Appendix D: HTML-key Page Format
--------------------------------

The .hkey page contains a list of words, one per line, sorted in a
strict ASCII sequence, each one followed by a tab and the offset in the
.html page of the word's data. I presume that the .hkey page must share
the same name prefix as its related .html page.

If the names contain high-bit characters, they are translated into
regular ASCII in the .hkey file, since this allows the user to search
for the words using unaccented characters.

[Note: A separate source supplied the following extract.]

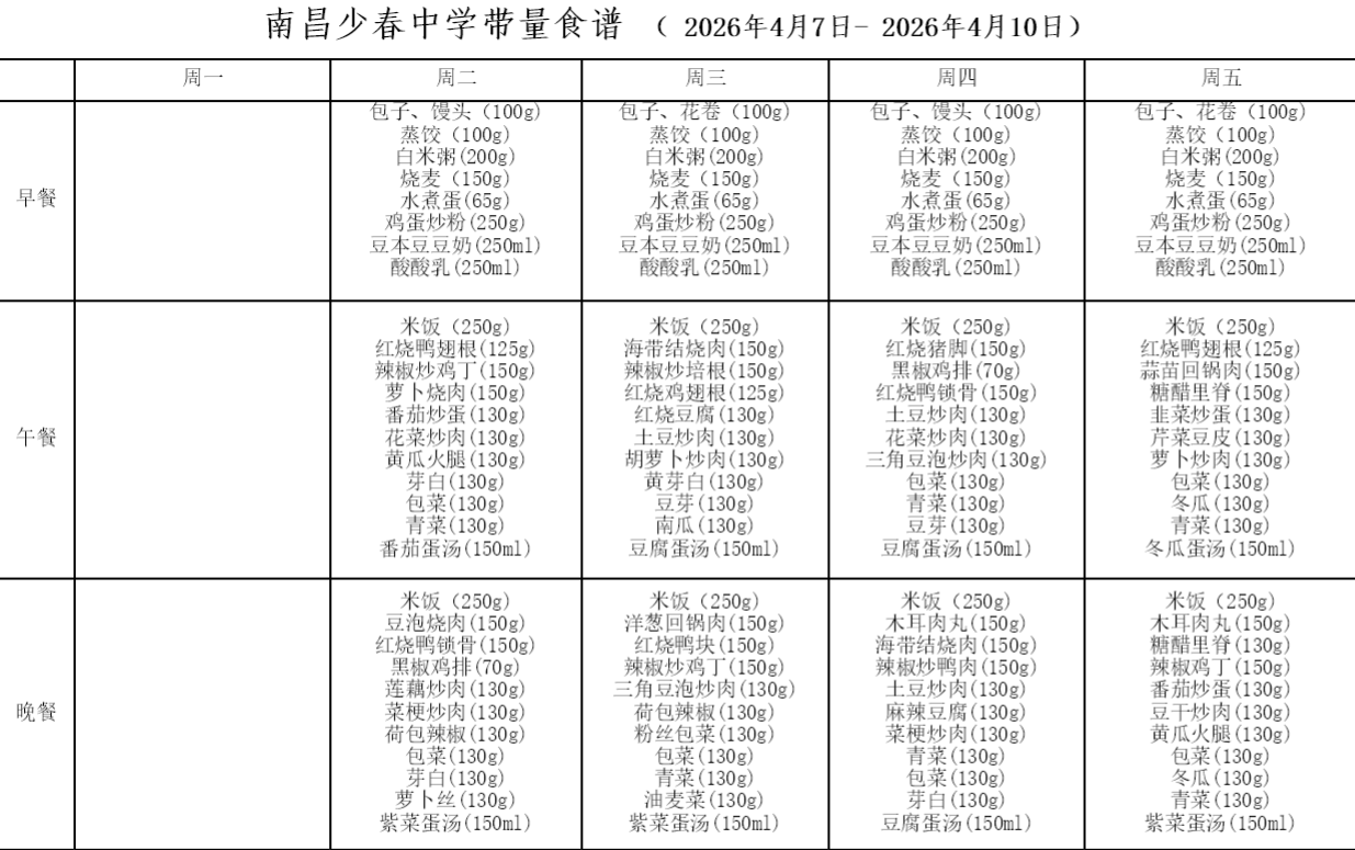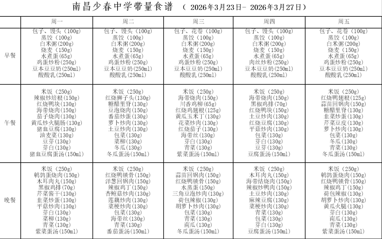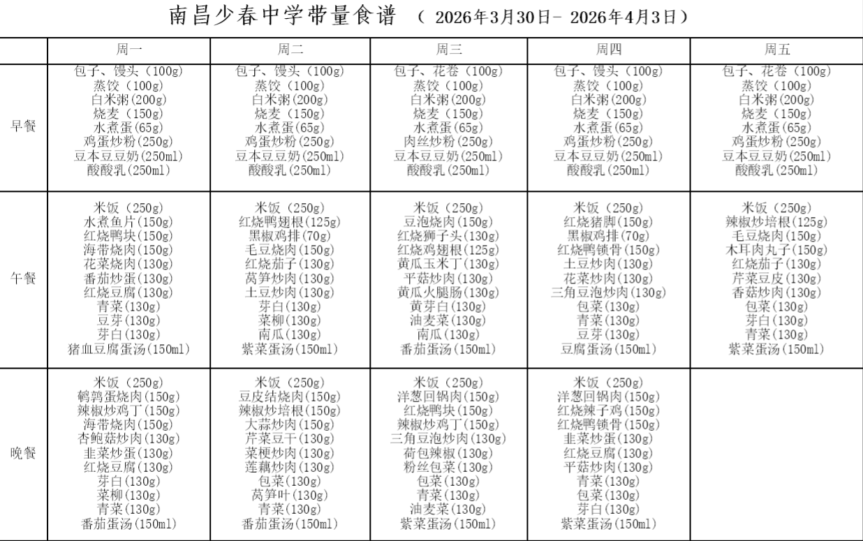 南昌少春中学带量食谱(2026年3月26日-4月10日)

The lines are terminated with a newline (in standard unix fashion).

An example:

    a	5
    apple	38
    b	84
    book	104

Each of these offsets points to a paragraph tag in the associated .html
page. I have only seen this sequence of tags used so far:

    <P><BIG><B>word</B></BIG> other stuff</P>

I have seen multiple <B>...</B> tags in the middle of the single set of
<BIG>...</BIG> tags, but this is the basic tag format.

The offset in the .hkey page points to the start of the <P> tag.